The ceramic matrix composites of interest for engine applications have focused on carbon-carbon composites, having a carbon matrix with carbon fibers, and silicon carbide composites, which have a silicon carbide matrix with silicon carbide fibers, the fibers usually being coated. An important limitation to the use of carbonized structural materials is their susceptibility to oxidation in high temperature, oxidizing environments. Oxygen attacks the surface of the carbonized material and seeps into the pores of interstices that invariably are present, oxidizing the surfaces of the pores and continuously weakening the material. The oxidizing atmosphere reaching the fibers, carbon and graphite fibers, seriously degrades the composite structure. An approach to overcome the oxidation of carbon-carbon composites has been the use of glass-formers as oxidation inhibitors. The glass-formers are used as coatings surrounding the outer carbon-carbon composite. In spite of the advances that have been made in carbon-carbon composites, there is still a demand for improved ceramic composites with higher temperature and mechanical capability.

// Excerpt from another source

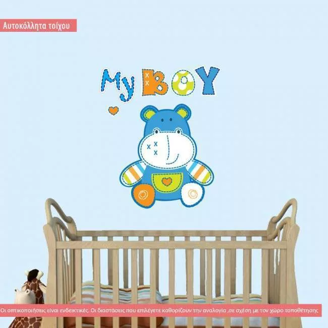 Αυτοκόλλητο τοίχου ζωάκι, ιπποποταμος, My boy

Silicon carbide-silicon carbide composites are silicon carbide fibers in a silicon carbide matrix. A method of making silicon carbide composites is the use of chemical vapor infiltration. Here, layers of cloth made of the fiber material are coated with boron nitride by chemical vapor infiltration. This takes about one day to deposit about 0.5 micrometers of coating material. The layers of cloth are then coated with silicon carbide by chemical vapor infiltration for about 10 to 20 days. An approach to overcome the oxidation of silicon carbide composites has been the use of an oxygen-scavenging sealant-forming region in intimate contact with the ceramic fibers and a debonding layer, as described in U.S. Pat. No. 5,094,901.
There is a need for an improved ceramic matrix composite that successfully protects reinforcing fibers from oxidation and water-containing environments. There is a further need for a method of making a ceramic matrix composite that takes less time than the chemical vapor infiltration methods for silicon carbide-silicon carbide composites and carbon-carbon composites. There is also a need for a method to make silicon--silicon carbide matrix composites and articles made from molten silicon infiltration that provides protection in dry and water vapor-containing environments at high temperatures, greater than about 600.degree. C.